- [WORK TO BE COMPLETED]:
For this exercise, repeat the whole listing below exactly. Leave the pictures out.

- [EXCERPTED RECORDS]:
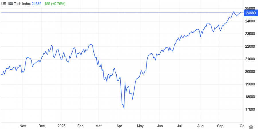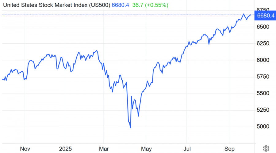 Американские фондовые индексы вошли в новую неделю с ростом. Фьючерсы на S&P 500 и Dow Jones прибавили по 0,4%, Nasdaq 100 подрос на 0,6%. Казалось бы начало позитивное: инвесторы охотно покупают, мегакапиталы вроде Amazon, Alphabet и Nvidia в зеленой зоне, а сентябрь завершается для рынка уверенным приростом.
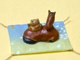 約9cm×7cmの座布団にのせたところです。
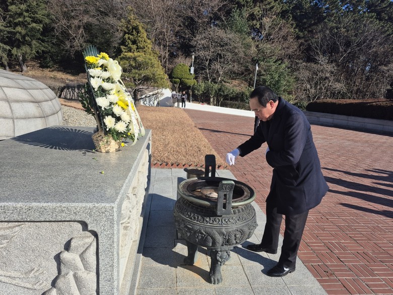 이번 참배는 윤학보 사무국장의 사회로 김종식 회장의 대표 헌화 및 분향을 시작으로, 이환수 명예회장, 임준호 자문위원, 부회장 구자도, 백지원, 정규헌, 변현석, 정현숙, 고정대 감사, 김덕진 재무국장, 정경숙 간사, 교정위원 김영일, 정성청, 김정석, 김용훈, 정용헌 교정위원들의 차레로 예례를 갖추어 나라를 위해 희생한 선열들의 숭고한 정신을 기렸다.
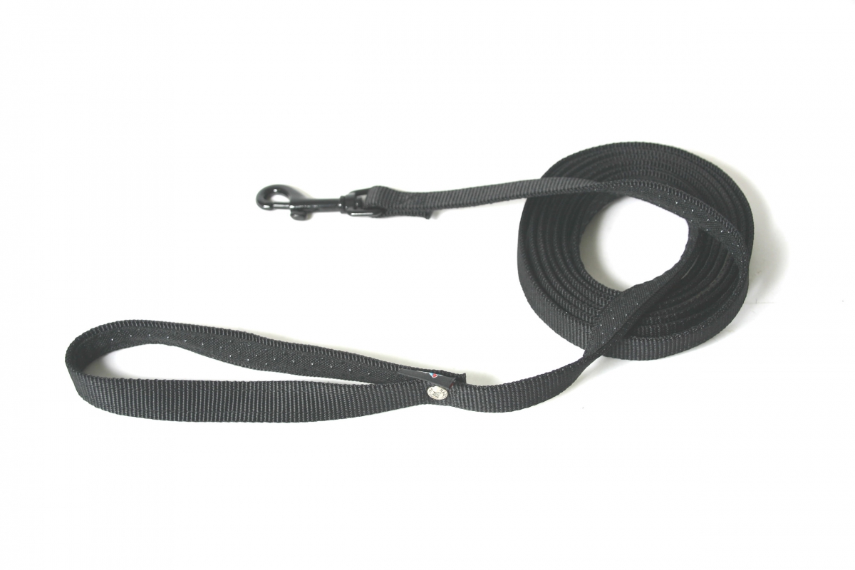 Longe noire cordeau nylon pour chien - Longueur 300cm - largeur 2cm
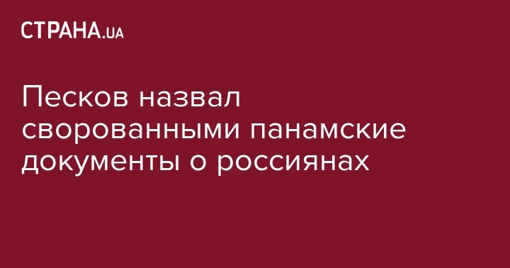 "Панамские документы", которые содержат данные о более, чем 2 тысячах российских владельцев офшорных компаний, пресс-секретарь президента России Дмитрий Песков назвал "сворованными". Об этом сообщает ТАСС.
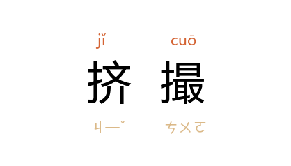 引《金瓶梅词话》第六五回:“我但开口,就説咱们挤撮他。”《金瓶梅词话》第八一回:“要挤撮俺两口子出门,也不打紧。”

- [ANSWER BOX]:
 Американские фондовые индексы вошли в новую неделю с ростом. Фьючерсы на S&P 500 и Dow Jones прибавили по 0,4%, Nasdaq 100 подрос на 0,6%. Казалось бы начало позитивное: инвесторы охотно покупают, мегакапиталы вроде Amazon, Alphabet и Nvidia в зеленой зоне, а сентябрь завершается для рынка уверенным приростом.
 約9cm×7cmの座布団にのせたところです。
 이번 참배는 윤학보 사무국장의 사회로 김종식 회장의 대표 헌화 및 분향을 시작으로, 이환수 명예회장, 임준호 자문위원, 부회장 구자도, 백지원, 정규헌, 변현석, 정현숙, 고정대 감사, 김덕진 재무국장, 정경숙 간사, 교정위원 김영일, 정성청, 김정석, 김용훈, 정용헌 교정위원들의 차레로 예례를 갖추어 나라를 위해 희생한 선열들의 숭고한 정신을 기렸다.
 Longe noire cordeau nylon pour chien - Longueur 300cm - largeur 2cm
 "Панамские документы", которые содержат данные о более, чем 2 тысячах российских владельцев офшорных компаний, пресс-секретарь президента России Дмитрий Песков назвал "сворованными". Об этом сообщает ТАСС.
 引《金瓶梅词话》第六五回:“我但开口,就説咱们挤撮他。”《金瓶梅词话》第八一回:“要挤撮俺两口子出门,也不打紧。”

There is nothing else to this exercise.